We have also found that DNA containing Oxa–Sp is specifically incised by CFE2s from NER-proficient HeLa cells (Figure 4D), and that the incision efficiency for Oxa–Sp is comparable to that for FL (a control substrate) (Figure 4B). The coupled dual incisions and their sites observed for Oxa–Sp (Figure 4C) are characteristic of the human NER system (1,53–55). Together with the activity complementation experiments with XPA and XPF CFE2s (Figure 4D), the present data demonstrate that Oxa–Sp is processed by the NER system in human cells when the lesion is generated by NO. Conversely, in keeping with its non-bulky nature, Oxa-containing DNA was not cleaved by human CFE2s. In this study, we have not tested Oxa-protein cross-link adducts for NER enzymes or CFEs, which are more bulky than Oxa–Sp. It has been recently shown that UvrABC nuclease makes dual incisions on a substrate containing a cross-link adduct between DNA and phage T4 Endo V, which was prepared by the borohydride trapping of a reaction intermediate (66,67). This suggests that Oxa–protein cross-links adducts generated by nitrosative stress could be processed similarly by the NER pathway.
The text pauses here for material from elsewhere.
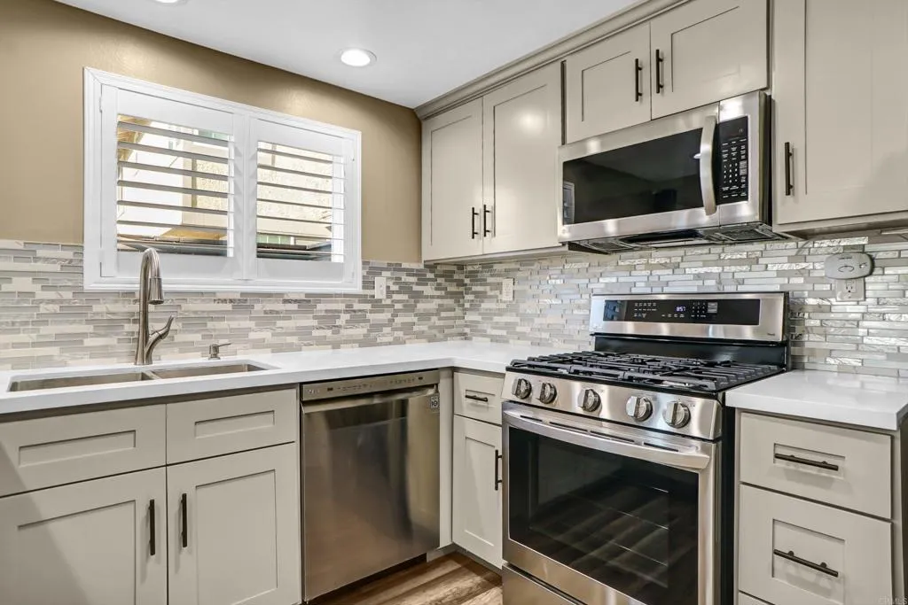 First showings at Open House 3/7 and 3/8. Shaded beneath mature trees in the desirable Riverview community of Ventura, this inviting home blends comfort, style, and everyday livability. The bright and spacious living area features warm wood-style flooring, abundant natural light, and a striking brick fireplace that creates a cozy focal point for gatherings. A double-pane slider opens to the private patio, while the living room flows seamlessly into the updated kitchen, complete with stainless steel appliances, modern cabinetry, stone countertops, a stylish tile backsplash, and recessed lighting. Upstairs, a versatile bonus room provides flexible space ideal for a home office, media room, playroom, or guest area—perfect for adapting to a variety of lifestyle needs. The home also offers a dedicated laundry room with storage cabinets and a spacious primary bathroom featuring a double vanity and generous counter space. Residents of the Riverview community enjoy resort-style amenities including pools, spas, tennis courts, and scenic linear park access, creating a welcoming neighborhood environment where outdoor recreation and community living come together—all with a relatively low HOA

In summary, we have analyzed the excision activity of E.coli and human BER and NER enzymes for Oxa and Oxa–Sp. Oxa is poorly excised from DNA by BER and NER enzymes, whereas DNA containing Oxa–Sp is efficiently incised by NER but not BER enzymes. Combining the present and published data on the repair of guanine lesions generated by nitrosative stress (Xan, Oxa and Oxa–Sp), Xan is repaired by the BER pathway (or an alternative repair pathway in E.coli), and the Oxa–Sp cross-link adduct is repaired by the NER pathway. The repair mechanism of Oxa remains to be established and further studies are necessary.